• **The task**
Return the listing below exactly, with the pictures dropped.

• **Exercise data**

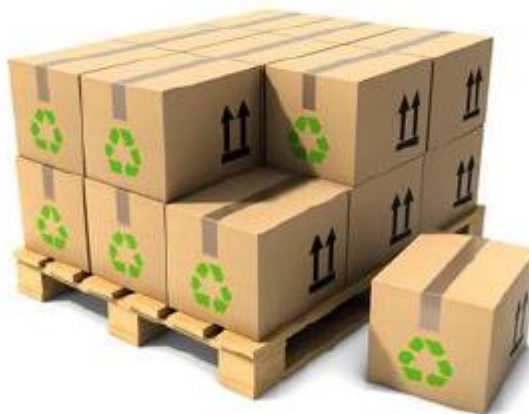
Slika 5. Paketi

Glavno obilježje paketa i paketizacije je u tome što ambalaža kao osnovni element paketizacije poslije odrađenog procesa postaje suvišna. Paketiranje omogućuje optimalno iskorištavanje transportnih sredstava s obzirom na njihove gabaritne dimenzije. Na slici 5. su prikazani paketi [7].
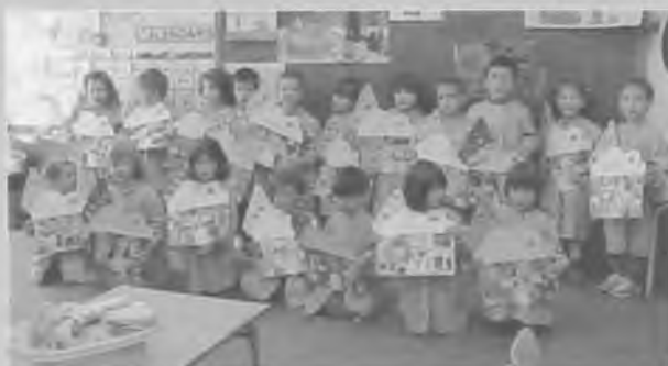
Aquests són els de P-3 "A" i "B" amb les seves cases. Han fet un mosaic de La Pedrera.

• **Reply**
Slika 5. Paketi

Glavno obilježje paketa i paketizacije je u tome što ambalaža kao osnovni element paketizacije poslije odrađenog procesa postaje suvišna. Paketiranje omogućuje optimalno iskorištavanje transportnih sredstava s obzirom na njihove gabaritne dimenzije. Na slici 5. su prikazani paketi [7].
Aquests són els de P-3 "A" i "B" amb les seves cases. Han fet un mosaic de La Pedrera.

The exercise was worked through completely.